Please reproduce the lines of the records below from the one holding "Colección Emperatriz, Traje" through the one holding "- For the frame", inclusive, skipping all pictures.

Top of WORKING DATA

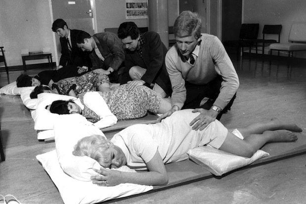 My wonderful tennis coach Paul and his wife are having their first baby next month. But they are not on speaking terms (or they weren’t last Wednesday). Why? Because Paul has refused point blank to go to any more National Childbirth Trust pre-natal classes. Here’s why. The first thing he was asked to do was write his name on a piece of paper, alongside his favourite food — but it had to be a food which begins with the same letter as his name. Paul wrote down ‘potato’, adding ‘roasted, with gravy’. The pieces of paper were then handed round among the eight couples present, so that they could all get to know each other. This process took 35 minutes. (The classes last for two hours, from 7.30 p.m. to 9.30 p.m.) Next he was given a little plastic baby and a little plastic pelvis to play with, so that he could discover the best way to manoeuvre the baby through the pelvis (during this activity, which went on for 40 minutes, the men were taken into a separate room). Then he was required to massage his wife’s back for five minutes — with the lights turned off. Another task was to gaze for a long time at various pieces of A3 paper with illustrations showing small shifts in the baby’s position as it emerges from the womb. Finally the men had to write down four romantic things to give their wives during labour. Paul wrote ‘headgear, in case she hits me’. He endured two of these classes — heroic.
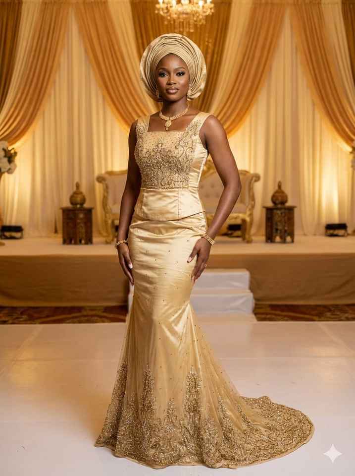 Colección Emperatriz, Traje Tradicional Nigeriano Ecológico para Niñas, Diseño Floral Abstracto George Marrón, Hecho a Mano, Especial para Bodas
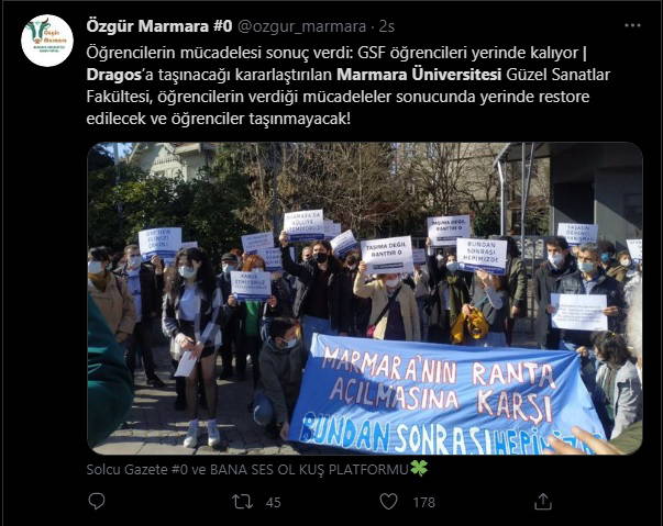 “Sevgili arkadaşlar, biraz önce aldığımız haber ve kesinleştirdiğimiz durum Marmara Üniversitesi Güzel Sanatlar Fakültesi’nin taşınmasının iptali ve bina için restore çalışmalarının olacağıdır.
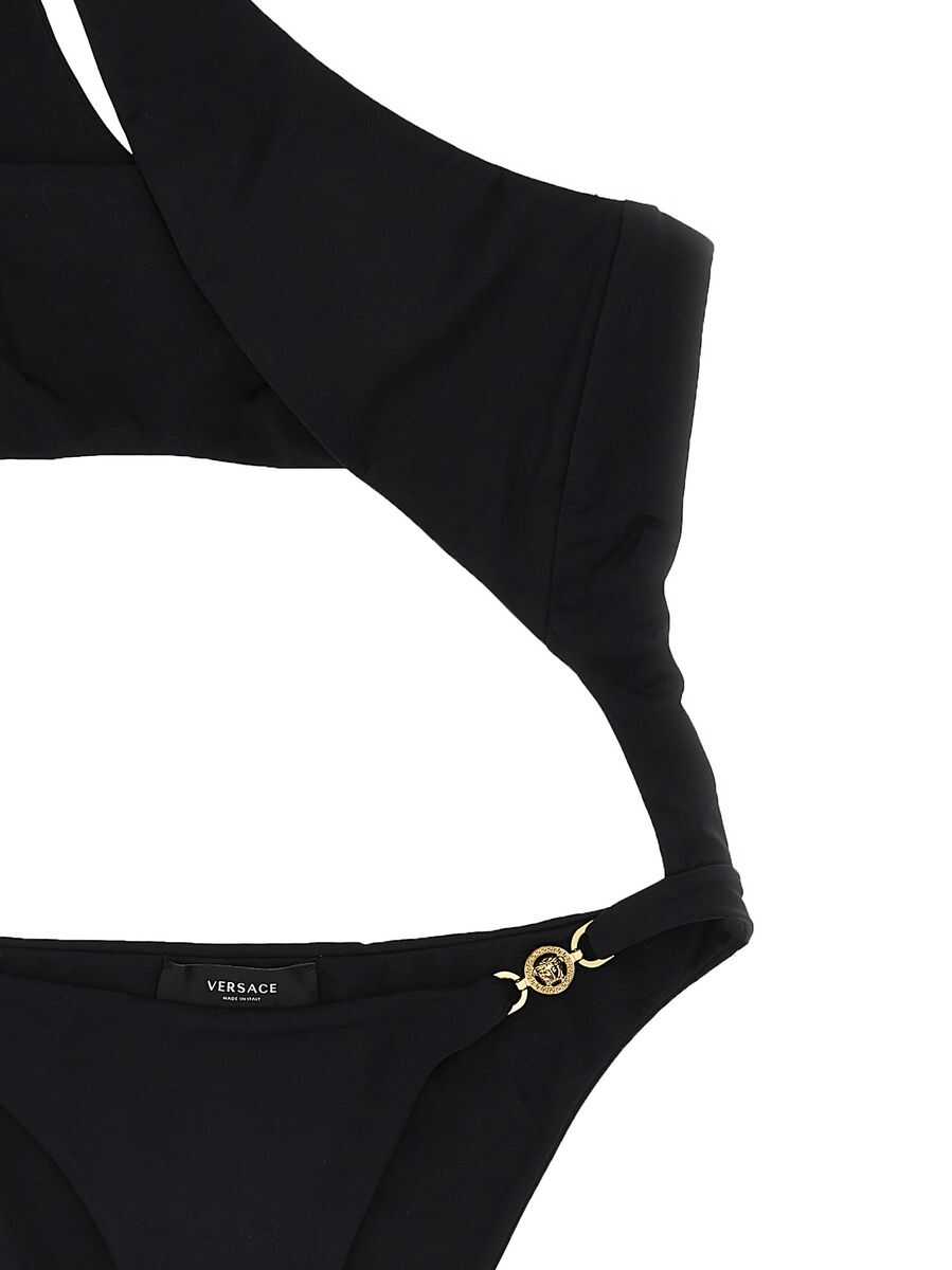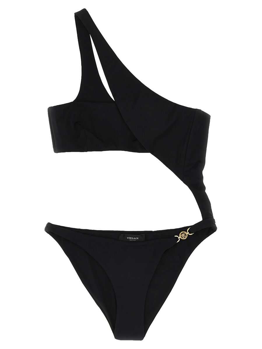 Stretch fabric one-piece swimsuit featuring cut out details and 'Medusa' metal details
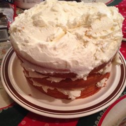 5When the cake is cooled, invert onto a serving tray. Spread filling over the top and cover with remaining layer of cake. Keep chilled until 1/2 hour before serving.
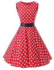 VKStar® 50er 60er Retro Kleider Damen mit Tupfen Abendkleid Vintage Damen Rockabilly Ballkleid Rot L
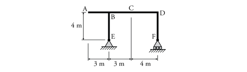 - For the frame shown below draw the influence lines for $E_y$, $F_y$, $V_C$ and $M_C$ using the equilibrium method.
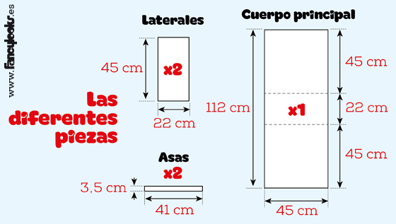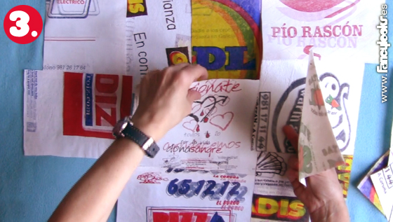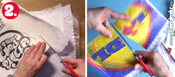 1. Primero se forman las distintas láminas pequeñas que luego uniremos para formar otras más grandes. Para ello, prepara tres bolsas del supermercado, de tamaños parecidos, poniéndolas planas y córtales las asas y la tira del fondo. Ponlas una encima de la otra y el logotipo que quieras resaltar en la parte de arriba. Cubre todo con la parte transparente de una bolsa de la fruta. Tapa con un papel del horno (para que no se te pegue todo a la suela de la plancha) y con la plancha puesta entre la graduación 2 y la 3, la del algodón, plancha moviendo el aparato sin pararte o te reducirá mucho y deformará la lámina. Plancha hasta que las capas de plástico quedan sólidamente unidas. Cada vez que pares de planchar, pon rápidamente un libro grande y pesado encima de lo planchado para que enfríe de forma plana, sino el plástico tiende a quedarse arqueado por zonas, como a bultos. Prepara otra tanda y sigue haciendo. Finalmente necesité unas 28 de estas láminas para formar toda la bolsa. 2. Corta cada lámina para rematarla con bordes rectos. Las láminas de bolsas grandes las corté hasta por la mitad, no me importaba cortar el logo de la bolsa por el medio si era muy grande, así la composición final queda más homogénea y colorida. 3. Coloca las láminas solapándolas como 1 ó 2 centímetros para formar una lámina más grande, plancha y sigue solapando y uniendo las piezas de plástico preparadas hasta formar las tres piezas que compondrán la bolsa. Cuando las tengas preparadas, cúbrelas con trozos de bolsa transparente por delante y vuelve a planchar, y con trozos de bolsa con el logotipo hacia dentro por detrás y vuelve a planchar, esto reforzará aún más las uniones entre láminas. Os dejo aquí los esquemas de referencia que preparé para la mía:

Bottom of WORKING DATA

#### RESULT:
 Colección Emperatriz, Traje Tradicional Nigeriano Ecológico para Niñas, Diseño Floral Abstracto George Marrón, Hecho a Mano, Especial para Bodas
 “Sevgili arkadaşlar, biraz önce aldığımız haber ve kesinleştirdiğimiz durum Marmara Üniversitesi Güzel Sanatlar Fakültesi’nin taşınmasının iptali ve bina için restore çalışmalarının olacağıdır.
 Stretch fabric one-piece swimsuit featuring cut out details and 'Medusa' metal details
 5When the cake is cooled, invert onto a serving tray. Spread filling over the top and cover with remaining layer of cake. Keep chilled until 1/2 hour before serving.
 VKStar® 50er 60er Retro Kleider Damen mit Tupfen Abendkleid Vintage Damen Rockabilly Ballkleid Rot L
 - For the frame shown below draw the influence lines for $E_y$, $F_y$, $V_C$ and $M_C$ using the equilibrium method.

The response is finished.